(446a) Removal of Low Trace Ppb Level Perfluorooctanesulfonic Acid (PFOS) with ZIF-8 Coatings Involving Adsorbent Degradation

Per- and poly-fluoroalkyl compounds (PFAS) are group of anthropogenic and environmentally persistent organic chemicals, composed of hydrophobic-oleophobic aliphatic alkyl chain with the hydrogen atom either totally (per-) or partly (poly-fluoroalkyl) replaced by fluorine atoms¹. These compounds though widely used in industrial and commercial applications as surfactant, are considered top priority pollutants².

Recently, ZIF-8 has also been suggested as promising candidate for removal of per- and poly-fluoroalkyl compounds (PFAS)^3,4. However, besides the limited literature, two major gaps are identified. First, the PFOA/PFOS removal adsorption experiments on ZIFs were performed at higher initial concentration (100 – 500 mg/L)^3,4 than those environmentally relevant (μg/L level)². So, even though high sorption capacities have been reported, the equilibrium PFAS concentration of the aqueous solution remains significantly (> 100 times) above the limit imposed by the EU directive 2020/2184 (0.5 μg/L)¹. Secondly, no clear understanding of the adsorption mechanism has been proposed. While Chen et.al. concluded that crystal structure and surface functionality are important parameters affecting PFOA adsorption on ZIFs³, no major insight in the PFOS adsorption mechanism on ZIF-8 and ZIF-67 were provided in the study by Konno et.al.⁴.
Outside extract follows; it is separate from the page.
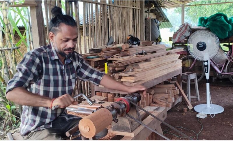 उहाँले दुई वर्षअघिदेखि विजयसालको काठ र बाँसबाट गिलास, जग, बोत्तल, अम्खोरा, कचौरा, फूलदानी, मसलादानी, बेलनालगायत सामग्री बनाउने गरेको बताउनुभयो ।
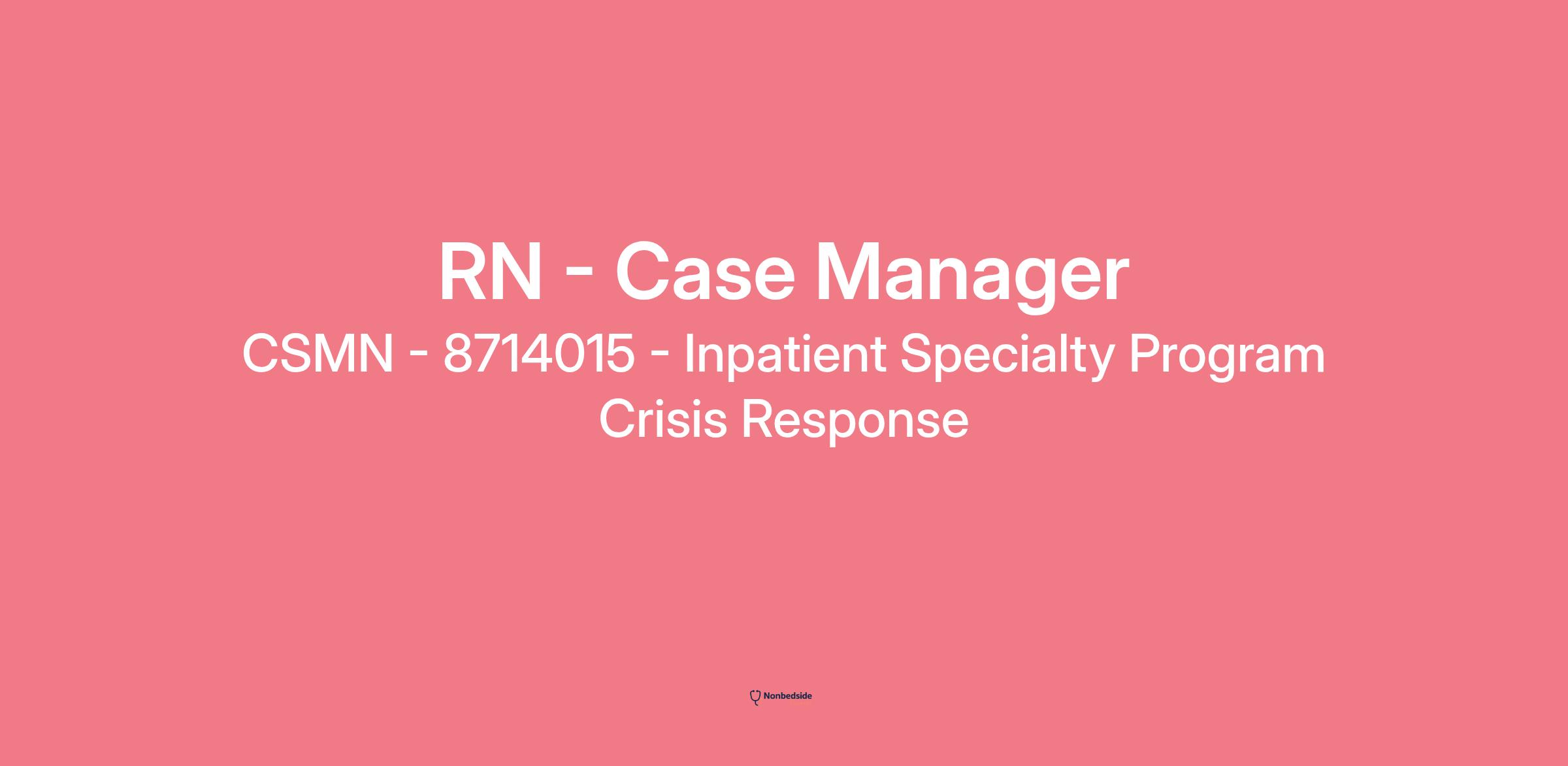 Client Name CSMN - 8714015 - Inpatient Specialty Program Crisis Response Job Type Travel Offering Nursing Profession RN Specialty Case Manager Job ID 15520009 Weekly Pay $2082.5

In this work, we report low trace level removal of PFOS i.e., 20 – 500 μg/L (ppb), from aqueous media by using a ZIF-8-based structured adsorbent. A ZIF-8 coated copper sheet (ZIF-8@Cu) composite was synthesized following a direct in-situ synthesis route at room temperature⁵ and was employed for PFOS removal when present in low trace ppb level concentration. The ZIF-8 coated copper sheet showed the highest removal rate (98 %) in comparison to different commercial AC and all-silica zeolites. The removal rate remained consistent over a wide range of concentration and additionally, no adsorbent leaching from the composite was noticed, which eradicated the need of additional steps such as filtration, centrifugation, unless needed for other adsorbents studied here. The composite displayed fast uptake with saturation reaching within 4h, irrespective of the initial concentration. However, the morphological and structural characterization revealed surface degradation of ZIF-8 crystals, along with a decline in the crystal size. The adsorption of PFOS on the ZIF-8 crystals was attributed to chemisorption, as the surface degradation surges with increase in PFOS concentration or with cyclic exposure at low concentrations. Methanol seemingly removed surface debris (partially), thus providing access to ZIF-8 crystals beneath surface debris. Overall, the findings demonstrate that at low trace level PFOS concentrations ZIF-8 can be considered a possible candidate for PFOS removal, as though it suffers slow surface degradation, it also removes efficiently PFOS molecules from aqueous solutions.

References

1. European Commission. Official Journal of the European Union 2019, 1–61 (2020).

2. Pauletto, P. S. & Bandosz, T. J. J Hazard Mater 425, 127810 (2022).

3. Chen, M. J. et al. Microporous and Mesoporous Materials 236, 202–210 (2016).

4. Konno, H., Nakasaka, Y., Yasuda, K., Omata, M. & Masuda, T. Catal Today 352, 220–226 (2020)

5. Sharma, R., Van Assche, T. R. C., Baron, G. V. & Denayer, J. F. M. Microporous Mesoporous Mater. 343, 112163 (2022).